ENTRIES PROVIDED.
----------------

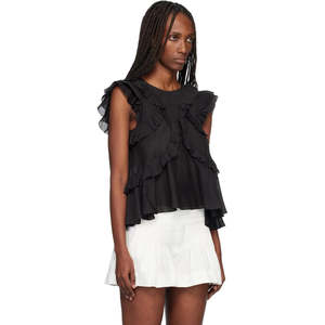 Frilly cotton voile top. Round neckline. Sleeveless. Frills with an embroidered finish. Buttoned teardrop-shaped opening in back. Loose fit. Style: HT0828FAB3J04E20WH NALOU. Composition: 80% cotton, 20% viscose.
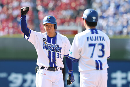 1死から牧とヒュンメルの連打で好機に。2死となったが、4番佐野がつなぐ。1ストライクから2球目の変化球を捉え、左翼線へ逆転の2点二塁打。「コンパクトに打ち返すことができてよかった」と納得できる打撃だった。
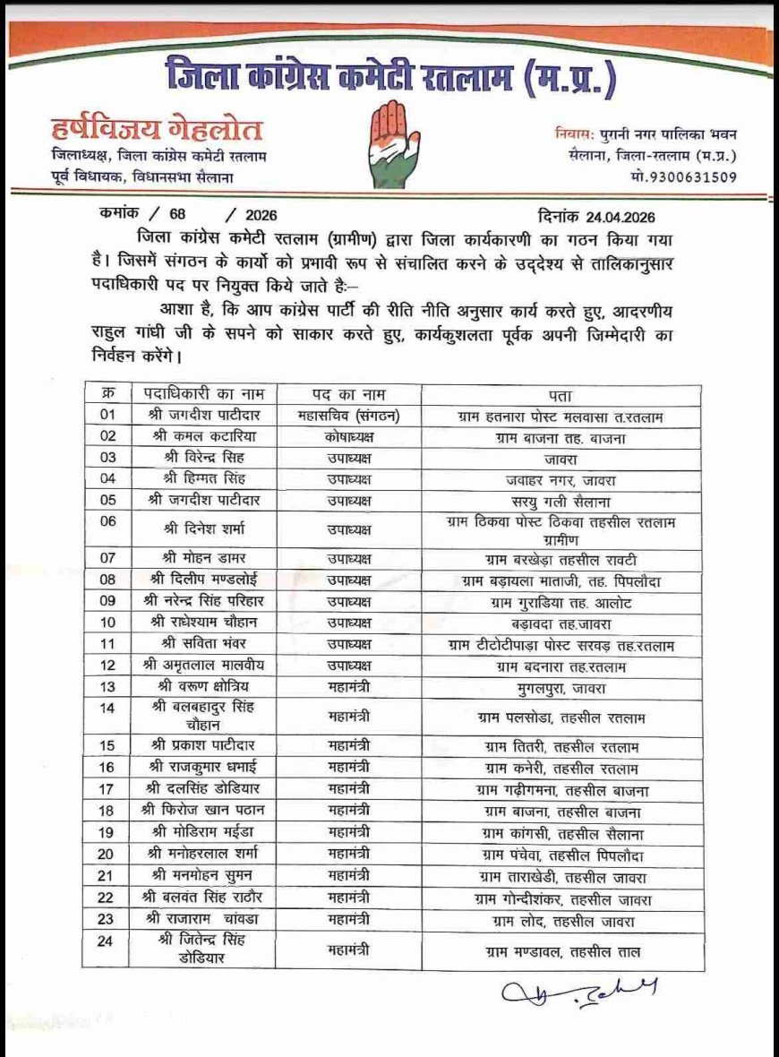 एसीएन टाइम्स @ रतलाम। आगामी 2027 के विधानसभा चुनावों के मद्देनजर जिला कांग्रेस कमेटी रतलाम (ग्रामीण) ने अपनी नई जिला कार्यकारिणी का ऐलान कर दिया है। जिलाध्यक्ष हर्षविजय गहलोत द्वारा जारी सूची में संगठन को बूथ स्तर तक मजबूत करने का स्पष्ट संदेश है। करीब 79 प्रमुख पदाधिकारियों की इस टीम में न केवल क्षेत्रीय संतुलन का ध्यान रखा गया है, बल्कि राहुल गांधी के विजन को साकार करने के लिए समर्पित कार्यकर्ताओं को तरजीह दी है। यह कार्यकारिणी महज एक सूची नहीं, बल्कि 2027 के रण के लिए कांग्रेस की वह अग्रिम पंक्ति है, जिसे रतलाम जिले, खासकर ग्रामीण अंचलों में पार्टी की जमीन वापस पाने की जिम्मेदारी सौंपी गई है।
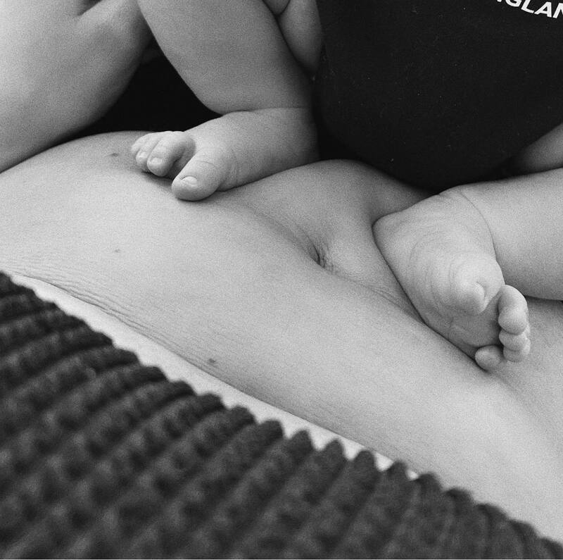 Para seguir promocionando su video de YouTube, Kylie Jenner hizo una publicación especial en su perfil de Instagram con una serie de fotografías y videos de sus momentos más especiales durante y después de su embarazo. Una de ellas fue una imagen en la que se ve su vientre al descubierto con los pequeños pies de su bebé.
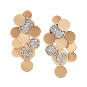 /nEnchanté long drop earrings in 18Kt pink gold, diamonds and red coral
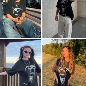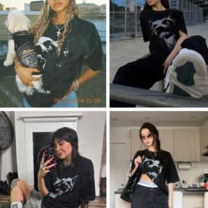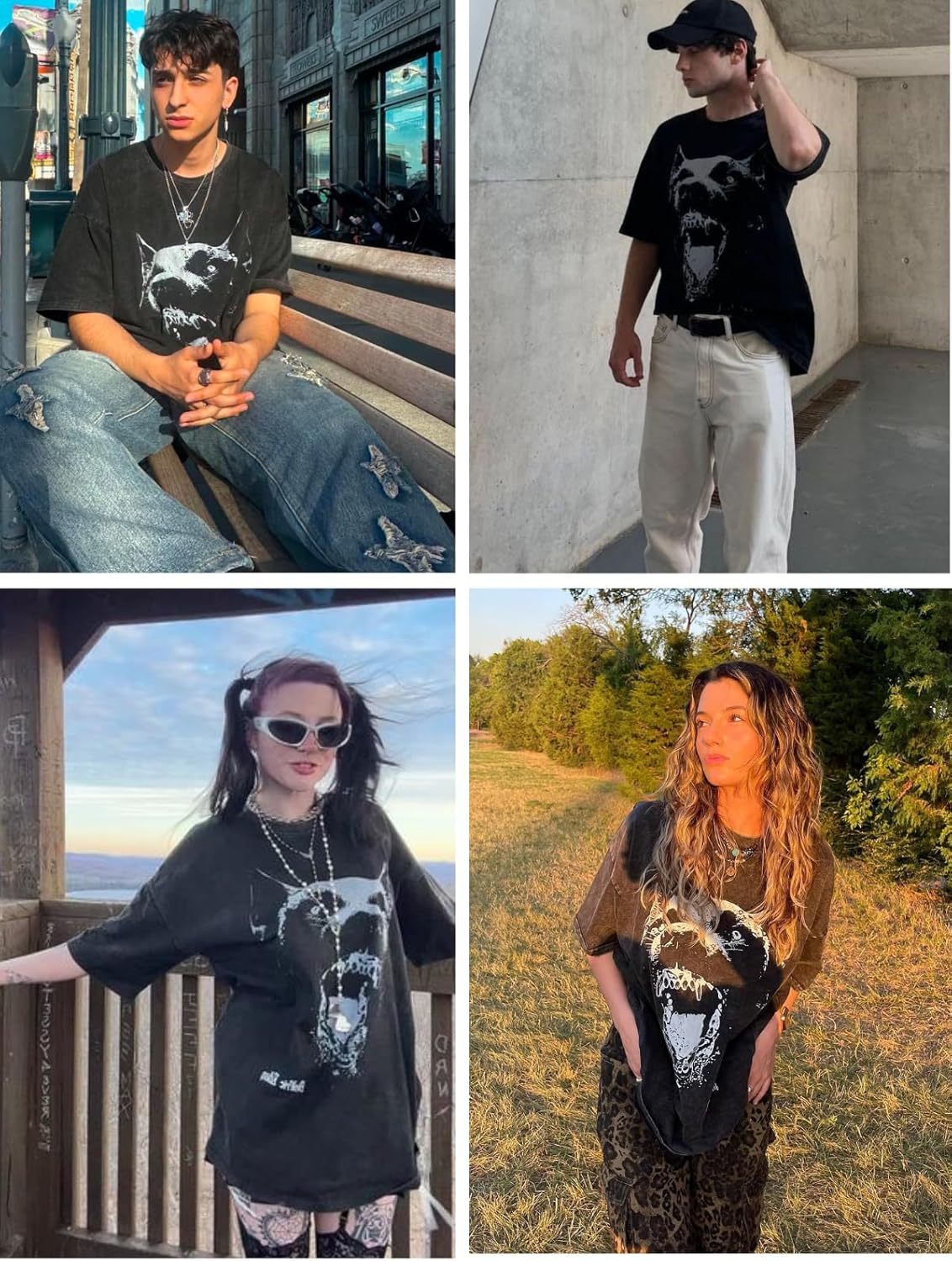 Aelfric Eden Oversized Tees Graphic Dog Print Tshirt Washed Cotton Short Sleeve Summer Streetwear Vintage Unisex Tops

----------------

YOUR TASK. Whatever the records hold apart from pictures should be repeated exactly.

WRITTEN SOLUTION.
 Frilly cotton voile top. Round neckline. Sleeveless. Frills with an embroidered finish. Buttoned teardrop-shaped opening in back. Loose fit. Style: HT0828FAB3J04E20WH NALOU. Composition: 80% cotton, 20% viscose.
 1死から牧とヒュンメルの連打で好機に。2死となったが、4番佐野がつなぐ。1ストライクから2球目の変化球を捉え、左翼線へ逆転の2点二塁打。「コンパクトに打ち返すことができてよかった」と納得できる打撃だった。
 एसीएन टाइम्स @ रतलाम। आगामी 2027 के विधानसभा चुनावों के मद्देनजर जिला कांग्रेस कमेटी रतलाम (ग्रामीण) ने अपनी नई जिला कार्यकारिणी का ऐलान कर दिया है। जिलाध्यक्ष हर्षविजय गहलोत द्वारा जारी सूची में संगठन को बूथ स्तर तक मजबूत करने का स्पष्ट संदेश है। करीब 79 प्रमुख पदाधिकारियों की इस टीम में न केवल क्षेत्रीय संतुलन का ध्यान रखा गया है, बल्कि राहुल गांधी के विजन को साकार करने के लिए समर्पित कार्यकर्ताओं को तरजीह दी है। यह कार्यकारिणी महज एक सूची नहीं, बल्कि 2027 के रण के लिए कांग्रेस की वह अग्रिम पंक्ति है, जिसे रतलाम जिले, खासकर ग्रामीण अंचलों में पार्टी की जमीन वापस पाने की जिम्मेदारी सौंपी गई है।
 Para seguir promocionando su video de YouTube, Kylie Jenner hizo una publicación especial en su perfil de Instagram con una serie de fotografías y videos de sus momentos más especiales durante y después de su embarazo. Una de ellas fue una imagen en la que se ve su vientre al descubierto con los pequeños pies de su bebé.
 /nEnchanté long drop earrings in 18Kt pink gold, diamonds and red coral
 Aelfric Eden Oversized Tees Graphic Dog Print Tshirt Washed Cotton Short Sleeve Summer Streetwear Vintage Unisex Tops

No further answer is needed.